Task description
Instruction for the data below: set down exactly the lines from the line with "Shape metallic palm" to the line with "Ulanzi ST-06S 雙冷靴", inclusive, and no others.

Input for this task
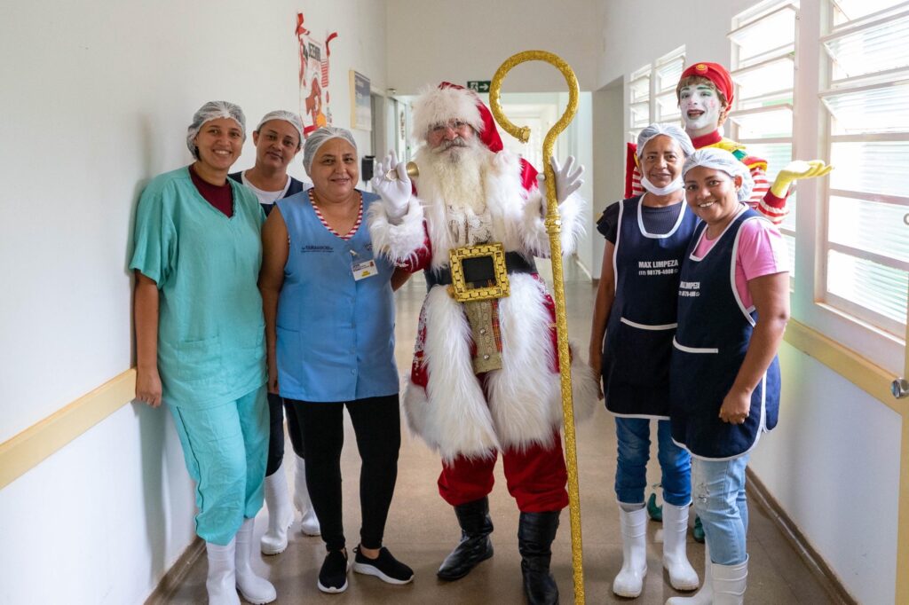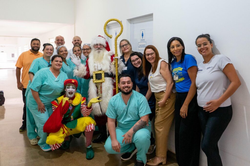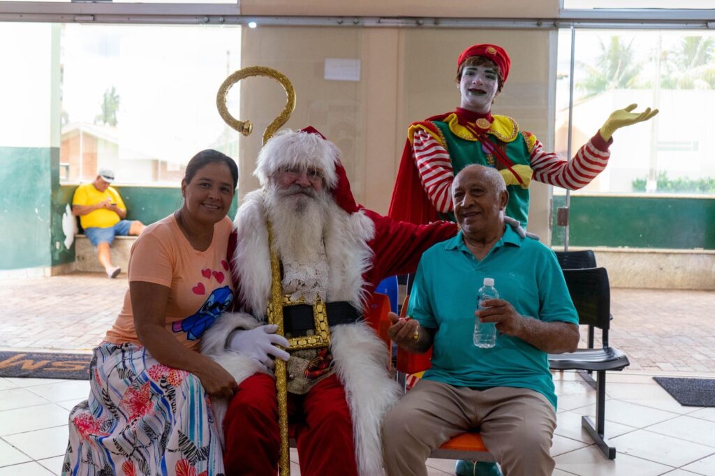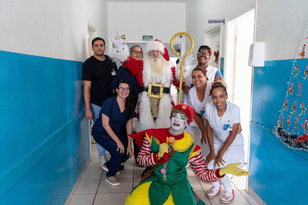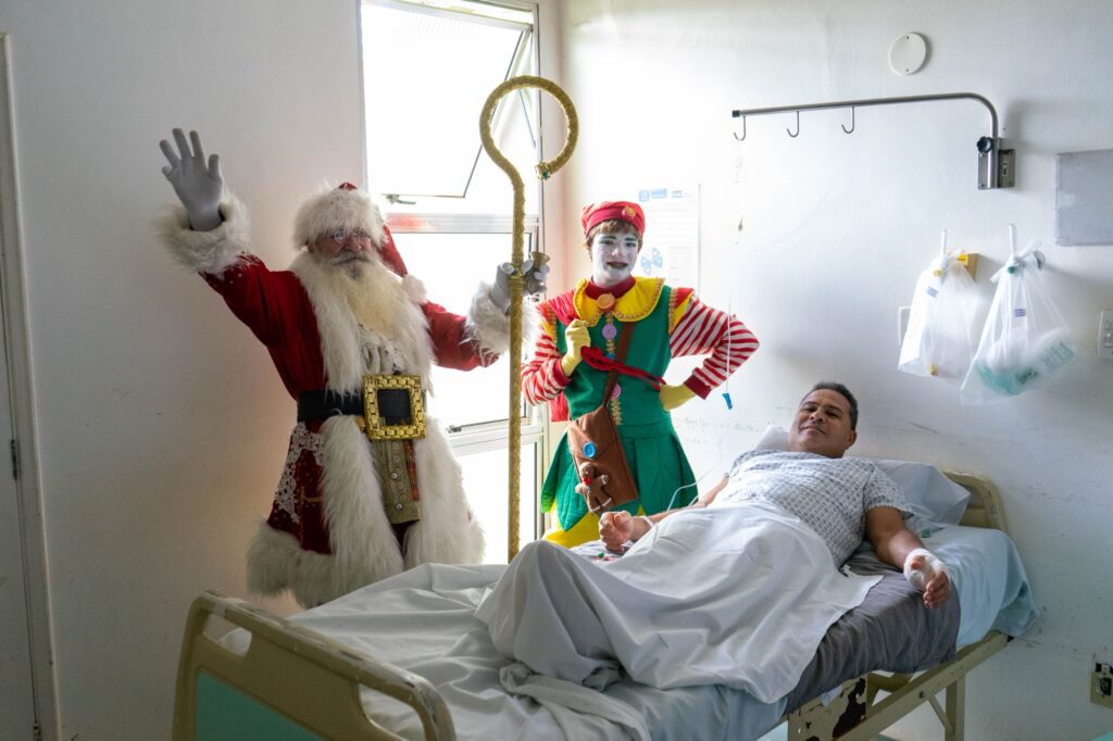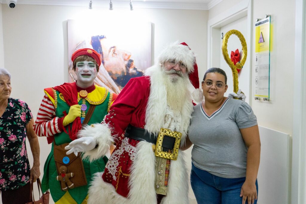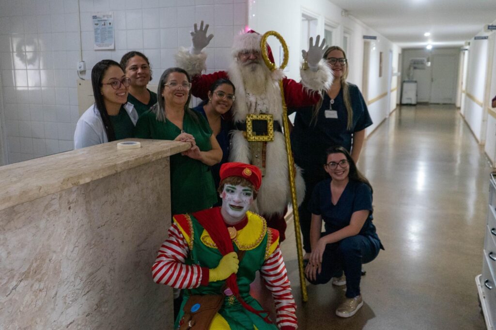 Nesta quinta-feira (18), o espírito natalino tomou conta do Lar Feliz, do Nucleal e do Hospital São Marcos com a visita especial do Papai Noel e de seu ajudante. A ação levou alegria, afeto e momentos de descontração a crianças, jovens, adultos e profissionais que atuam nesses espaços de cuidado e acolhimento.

* * *

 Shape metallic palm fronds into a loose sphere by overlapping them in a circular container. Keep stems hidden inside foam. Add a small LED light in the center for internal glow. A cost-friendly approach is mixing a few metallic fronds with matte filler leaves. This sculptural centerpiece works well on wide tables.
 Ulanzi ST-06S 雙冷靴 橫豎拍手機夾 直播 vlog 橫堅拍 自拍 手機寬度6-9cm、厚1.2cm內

Answer for the task
 Shape metallic palm fronds into a loose sphere by overlapping them in a circular container. Keep stems hidden inside foam. Add a small LED light in the center for internal glow. A cost-friendly approach is mixing a few metallic fronds with matte filler leaves. This sculptural centerpiece works well on wide tables.
 Ulanzi ST-06S 雙冷靴 橫豎拍手機夾 直播 vlog 橫堅拍 自拍 手機寬度6-9cm、厚1.2cm內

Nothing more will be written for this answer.